Dua jam sudah aku berhasil merapikan rumah bahkan mengepel lantai, kini saatnya mencuci piring. Namun, sebelum itu kuambil baju ganti dan handuk kesayanganku yang sudah tak robek bak lap pel. 

"Via!" panggil Ibu. 

"Iya, Bu. Kenapa lagi?" tanyaku sambil  menoleh padanya. 

"Kamu jangan dulu mandi deh, itu Rania udah pulang. Takutnya kalau kamu kelamaan di wc, dia marah lagi. Tau sendiri, kan gimana adikmu?" 

Kuembuskan napas perlahan, lalu melangkah ke depan melihat jam pukul berapa sekarang. Ternyata jam setengah lima lewat tiga puluh empat menit. Yah, kalau aku nunggu Rania mandi pastinya lama banget, gimana, ya? Mana hari ini belum nulis satu bab pun, keluhku. 

Setiap orang tentunya menginginkan kondisi kehidupannya baik-baik saja, tanpa ada masalah atau badai yang menerjang. Terkadang, di kala seseorang mengharap kebahagiaan Tuhan memberinya kesedihan. Begitu pun sebaliknya. Namun, percayalah di balik rasa sakitmu saat ini, kelak akan kau temukan kebahagiaannya. Percayalah. 

"Ran, mau mandi kapan? Ini udah jam lima lebih loh, kamu gak mau mandi?" tanyaku. 

Hening, tak ada jawaban. 

Kucoba sekali lagi untuk bertanya kapan dia akan mandi, daripada tidur selonjoran lihat-lihat notifikasi yang gak jelas, kan? Mending mandi. 

"Ra-Ran, ka-kapan kamu mau man." Mulutku tiba-tiba gagap, mendapati dia yang bangkit, kemudian mwnghampiriku. 

Du-duh, ini kumaha eh, Bu! Ibu tolong Via. 

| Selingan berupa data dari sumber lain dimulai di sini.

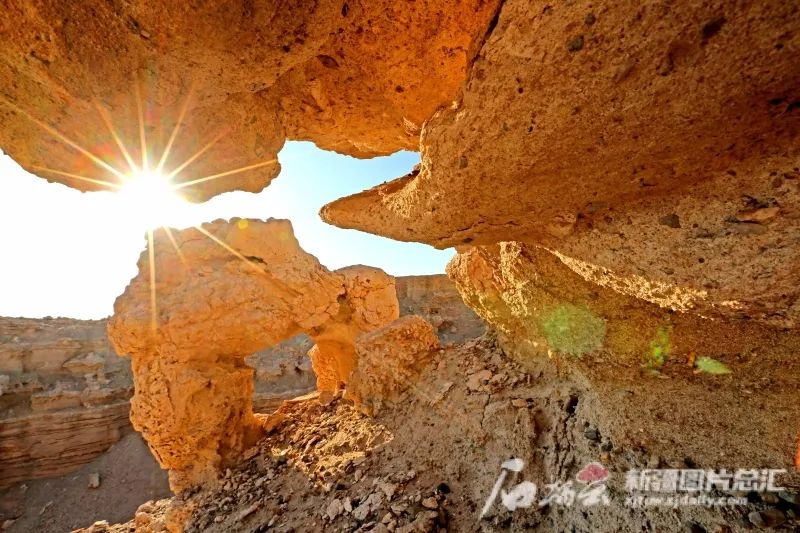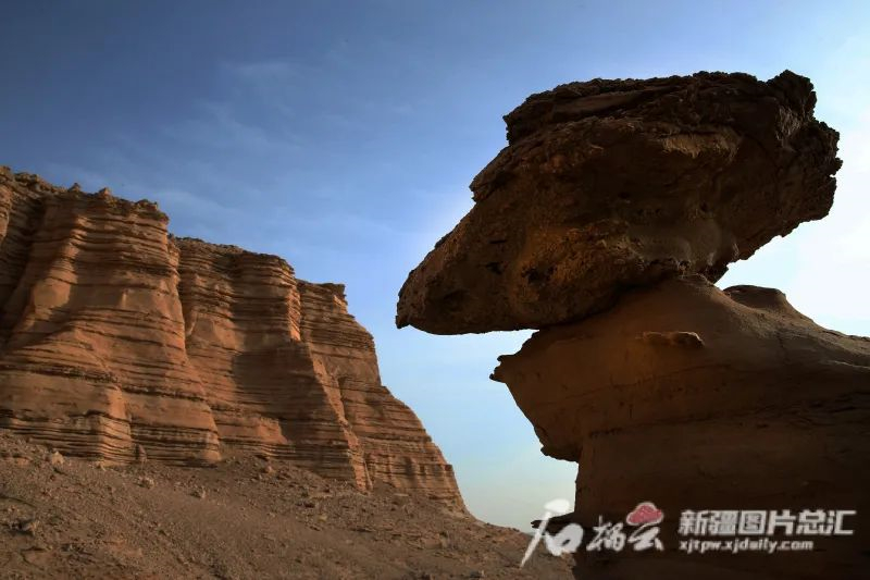 亿万年前,新疆所在地区还是一片汪洋。随着气候的变化,水进水退,反反复复,产生了上下叠加的泥岩层和沙土层。风和流水带走疏松的沙土层,温差剧烈变化产生的胀缩效应导致泥岩层发生断裂,逐渐演变为沟槽状,雅丹地貌由此逐渐被塑造出来。

"Jawab gue sekarang juga, Cacat! Apa lo ngadu sama tetangga kalau gue lukain pipi lo yang banyak jerawat ini? Hah? Jawab!" Teriakan cemprengnya berhasil membuat gendang telingaku hampir pecah. 

Aku bergeming, seluruh tubuhku kaku kala berhadapan dengan Rania. Sebenarnya aku bisa melawan Rania, tetapi kalau sampai aku melawan. Nantinya malah semakin kacau. 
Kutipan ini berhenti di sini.